Превозмогая боль, Евгений встал.
Они поднялись по лестнице, остановились у двери, обшитой дерматином. Отворив ее, полицейский втолкнул Евгения в комнату.
За столом сидел комендант гарнизона Зеербург, листал какие-то бумаги. У окна, спиной к двери, стоял высокий офицер в черном мундире.
Как только дверь закрылась, офицер в черном повернулся и стремительно подошел к Евгению. Взял его за подбородок костлявыми пальцами, впился пронзительным взглядом в глаза Евгения.

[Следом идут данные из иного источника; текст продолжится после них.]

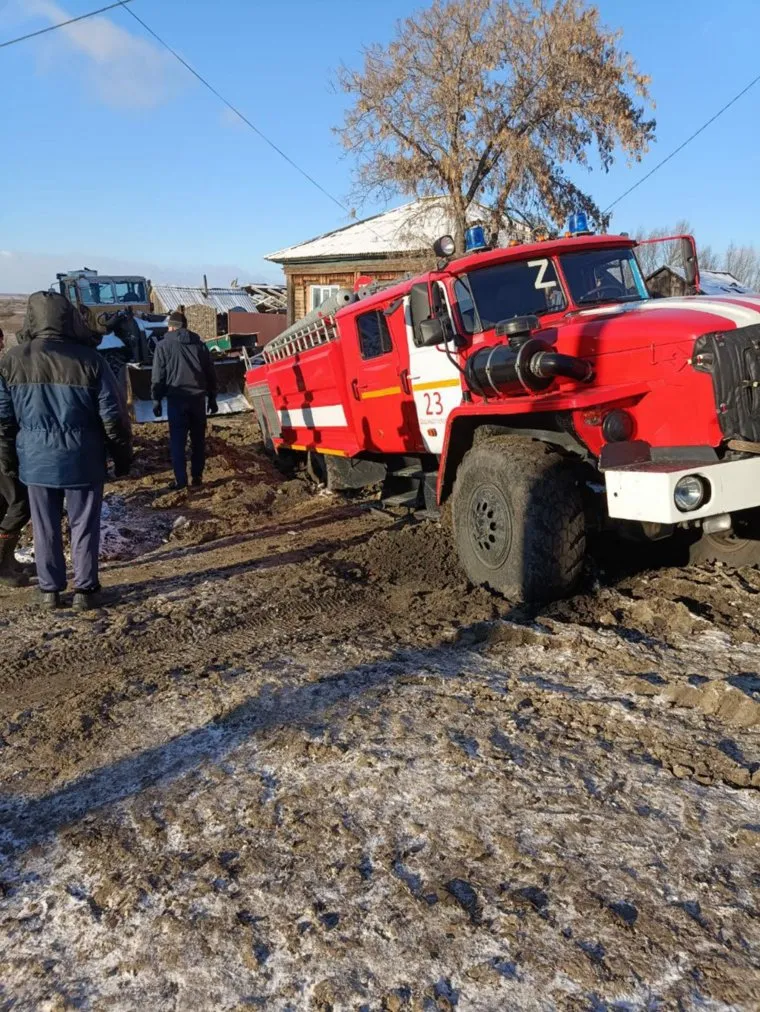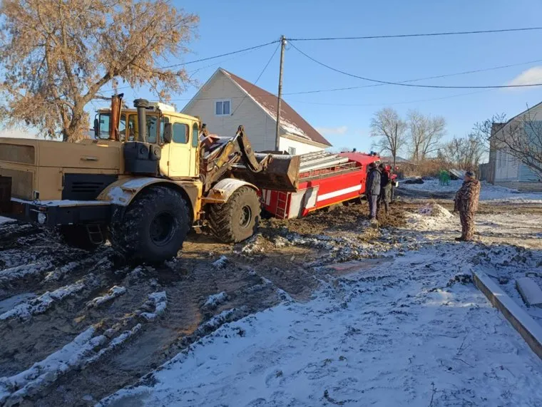В Курганской области пожарная машина на сутки увязла в траншее. Фото, видео
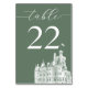 These wedding table numbers feature a vintage illustration of a castle, which you can replace with an image of your destination wedding venue. Elegant white lettering lays out the table number on a sage green background. The text is fully editable, so you can make as many table numbers as you want! Simply click 'Personalise this template', change the number, and add to cart. Repeat for each card.
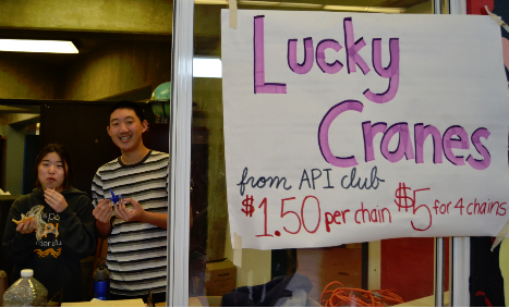 API (Asian Pacific & Islander) Club used their fundraising week at school from February 3-7 to sell chains of origami cranes. Each chain, consisting of six cranes, were priced at $1.50 each and a discounted price of $5.00 was offered for a total of four chains.

Зеербург бесстрастно смотрел на штурмбаннфюрера СС Динга и щупленького парнишку. Полтора часа они пытались выудить что-нибудь у Михаила Теленченко, но единственное, что он сказал, – это то, что в покушении участвовали только двое, он и брат, больше никого с ними не было. Вряд ли этот окажется сговорчивее, одного поля ягодки.
Динг выпустил подбородок Евгения, пошел к столу. Переводчица встала рядом.
– Садитесь!
Евгений сел.
– Сколько вам лет?
– Семнадцать.
– А брату?
– Шестнадцать.
– Вы его любите?
– Он мой брат.
– Значит, любите. Это хорошо. Он тоже вас любит и поэтому сказал нам всю правду. Я думаю, и вы будете говорить только правду?
Юноша не ответил.
– Не кажется ли вам, Евгений, что вы слишком молоды для войны?
– Нет.
Динг развалился на стуле, закурил сигарету.

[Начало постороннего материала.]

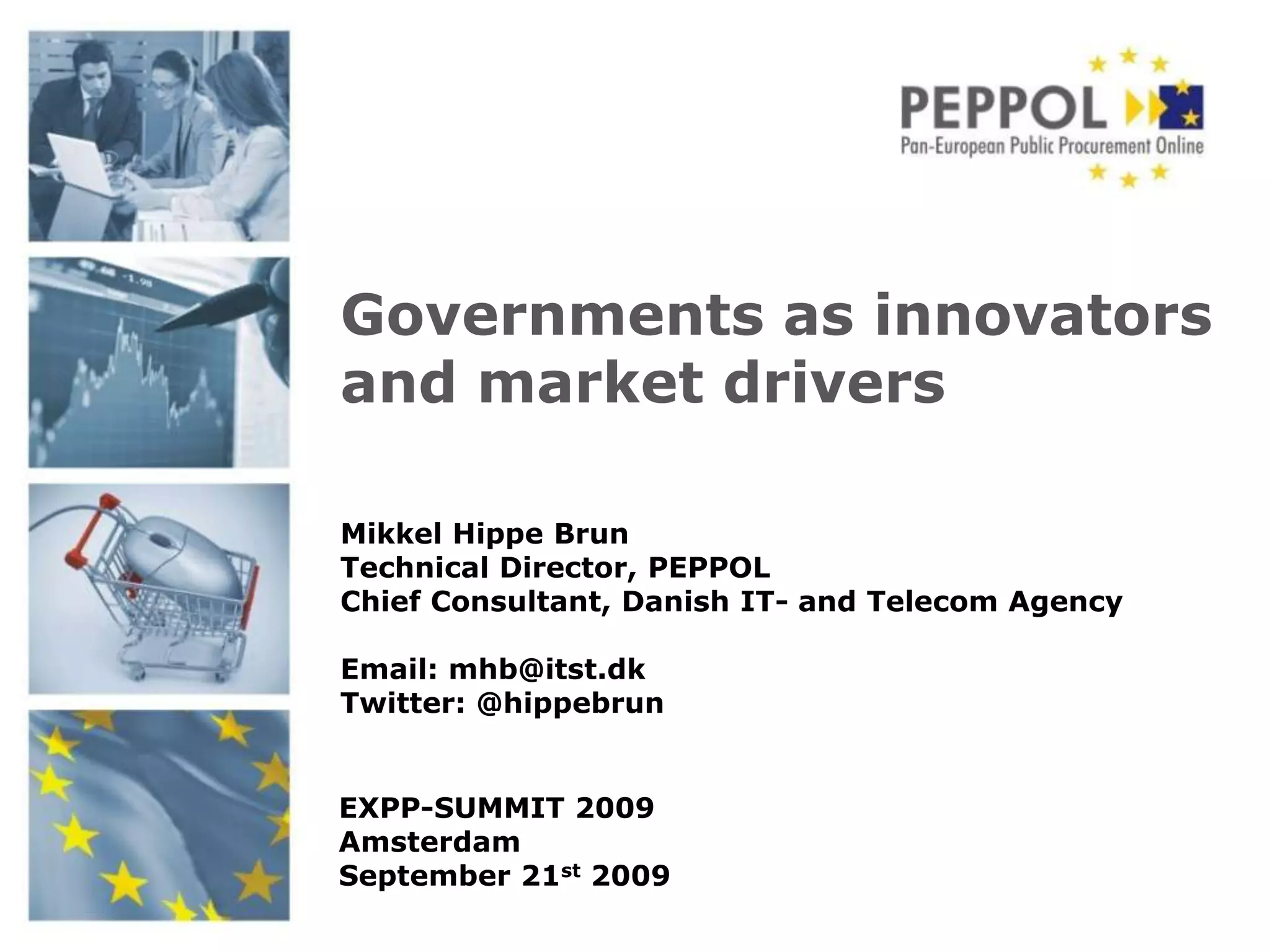 The document discusses the role of governments in driving innovation and standardization in e-invoicing and procurement processes. It outlines the potential future landscape of e-invoicing in Europe, highlighting significant adoption rates among SMEs and public sectors, alongside challenges such as varied business requirements and incompatible systems. The text emphasizes the need for a governance framework and infrastructure support to facilitate seamless e-invoicing and calls for private sector involvement while minimizing public sector standardization efforts.

– Вот как? Этому вас научили в школе?
– В школе нас учили наукам.
– А какой предмет вам нравился больше остальных?
– История.
– О-о! Я признаться, сам увлекался историей.
Динг поднялся и заходил по комнате.
– Итак, вы любите историю. Не скажете ли вы, что было главным в любой войне?
– Всегда кто-то нападал, а кто-то отстаивал свою независимость.
– А что вы скажете об этой войне? – прищурился Динг.
– Вы напали на нас.
– Ошибаетесь, юноша. Мы не напали, а пришли, чтобы освободить вас от ужасного режима. Война скоро кончится, армия ваша отступает, правительство Сталина бежало из Москвы. Седьмого ноября мы проводим парад на Красной площади.
– Наполеон тоже был в Москве. А до него в Москве были два Лжедимитрия.
Зеербург невольно усмехнулся. Так и надо этому выскочке Дингу!
– Но теперь другое время, – зло выдавил Динг. – У нас сотни тысяч танков и самолетов, а техника в этой войне решает все.
– У нас тоже есть танки и самолеты. И мы деремся на своей земле…
– Хватит ломать комедию, Динг! – сказал Зеербург.
– Еще немного терпения, господин майор. Итак, юноша, давайте ближе к делу. Надо разобраться в этой неприятной истории. Сейчас военное время. Будем откровенны – вас ждет расстрел. И вашего брата тоже. Но мы постараемся смягчить наказание, учитывая вашу молодость. Что побудило вас к подобному безрассудству?
– Предателей надо уничтожать.
– Но Трублин и Скварчевский лично вам не причинили никакого вреда.
– Они предали свою страну и свой народ.
– У них нет своей страны. Есть одна страна – великая Германия. Но сейчас разговор не об этом… Кто дал вам оружие?
– Нашли в лесу.
– Кто еще был с вами во время покушения?
– Больше никого не было.
– А почему брат сказал, что вас было… – Динг выдержал длинную паузу, – четверо?
И снова сверлящий, пронзительный взгляд.
Евгений побледнел. Неужели Мишка выдал друзей?! Нет, не мог он этого сделать! Но тогда откуда эсэсовец знает, что их было четверо? Может, Стась и Петр тоже арестованы? Зачем же тогда ненужные расспросы?..
– Мы стреляли вдвоем. – Чтобы не видеть страшных зрачков, Евгений опустил голову.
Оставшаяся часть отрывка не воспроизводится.